January 14, 2025
How it started...

I thought I'd share the "beginnings" (air quotes intended) of the new Morstan/Karbegla book, not-so-tentatively titled Called from the Ashes. No real spoilers, since most of this is just stuff I wrote to orient myself and probably won't end up in the actual book.


 “What is that?”

 Of course it was obvious to all of us standing there on the beach what the thing was, even though I’d guess the majority of us had never seen a ship in real life. But it was something straight out of history books. Even before the war it would have been out of place. Ancient. The main body of it – the hull – wasn’t made of steel, or fiberglass. It was made of wood, actual beams and planks cut from actual trees. And it had wooden masts with canvas sails.

 “Can that possibly be safe?”

 “I guess we’re going to find out.”

 ~ Now let us go back a bit, in time and space. ~



 Sometimes it’s hard to find the “real” beginning of a story. All you can do is pick it up somewhere and hope for the best. Probably the real beginning of our story, at least in some people’s opinion, would be the beginning of the war. But the war wasn’t a fixed thing, with a beginning or an end. A war started. It paused for a while, then it started up again – possibly for the same reasons, but possibly not. It spread; it ebbed and flowed; it mutated.

 All of this is just a fancy way of saying that we don’t really know how it all started, or why. We only know what happened to us. That’s the story we want to tell. The only story we can tell.

 The ship didn’t come in til later. And it was a long hard road to get there.



[back-story shit – put in where possible]

 When Calli’s baby was born, about three months after the rebel soldiers had left the school, she only had Kit and me to help her. Book learning, no matter how much or how long you study, isn’t the same as practical experience. Still, we were as prepared as we could be. At least I didn’t get sick to my stomach again, the way I had the first time I’d dealt with a real patient. I did have the shakes for a while afterward, but then, so did Calli.

 None of us really knew what to expect from the baby either. Peter – Calli named him after her father – had been more or less created in a lab at the research center where Calli and her sister Rachel had been imprisoned for a while the year before. There was nothing so new or different about that; scientists and doctors had been experimenting with assisted reproduction for decades before this. The difference was that both of Peter’s parents were deavorrin, people who appeared ordinary but had special abilities. Calli and Rachel could create fire out of thin air, and make use of it too. Peter’s father, Shane, was unusually tall and strong, and had the ability to read people’s minds. Besides all that, Shane himself had been created in the lab.

 Though deavorrin seemed to be more common lately, there was no way to predict whether a child would have special abilities, even if their parents did, or what those abilities would be. Worse yet, most of the experiments done at the deavorrin research center had been failures. Calli and Rachel had been forced to fight the results of those experiments: weird half-human, half-animal creatures. Small wonder that all of us were more than a little concerned about Peter even before he was born.

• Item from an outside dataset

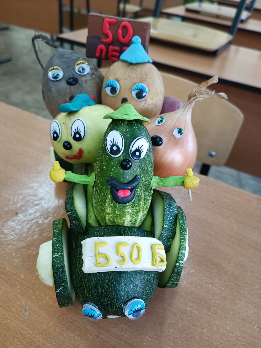 а это мы с классом сделали такую машину из кабачка и заняли первое место

As far as any of us could tell, though, he was an ordinary, healthy baby. Maybe he was bigger than average, but considering his dad, that wasn’t so unexpected. I suppose the thing we noticed most about him was that he hardly ever cried. It wasn’t that he was happy all the time; like any baby, he got upset when he was hungry, or tired, or needed his diaper changed. But instead of crying, he tended to simply go completely still, and stare at whoever was taking care of him at the time. Then it was our job to figure out what was bothering him.

 Not surprisingly, it was Shane who first learned the secret of Peter’s behavior. “He doesn’t understand why we can’t all read his mind,” he announced one day, while bringing the baby to Calli for a feeding. “I think he feels like crying is a waste of energy when he can just tell me what he wants another way.”

 “Then either the rest of us have to learn to hear him, or he needs to learn to talk,” I said. “Whichever one is easier.”

 By summertime, we had started letting other people join our community at the school. The war was still dragging on, though there continued to be no clear sides to the conflict. The federal government might still have been intact, or it might not; nobody we met seemed to know. The fighting mainly seemed to be between anybody who could gather an army and anybody else who had something the first group wanted, or threatened something the first group had. People who just wanted to be left alone to live their lives, like us, got stuck in the middle. A lot of them became refugees, traveling the countryside in search of safety. And inevitably, some of them found their way to the gates of the school.

 We had some rules, of course. Any food, livestock, or weapons people brought in were added to the community stores. If anyone refused to contribute, we let them take their property back on the road. Anybody who came in thinking they could take over was also shown the door. Word must have spread about us, because more than once we were forced to fight off an attempted invasion. But our community grew and we trained the newcomers to fight, and after a while we were mostly left alone.

 It took months for the school to be completely safe. But at leat when Dani’s daughter was born that summer, Dani had a trained midwife to help her, as well as the one-and-a-half medics who had delivered Peter.

 Peter and [Toni] weren’t the only babies born at the school that year.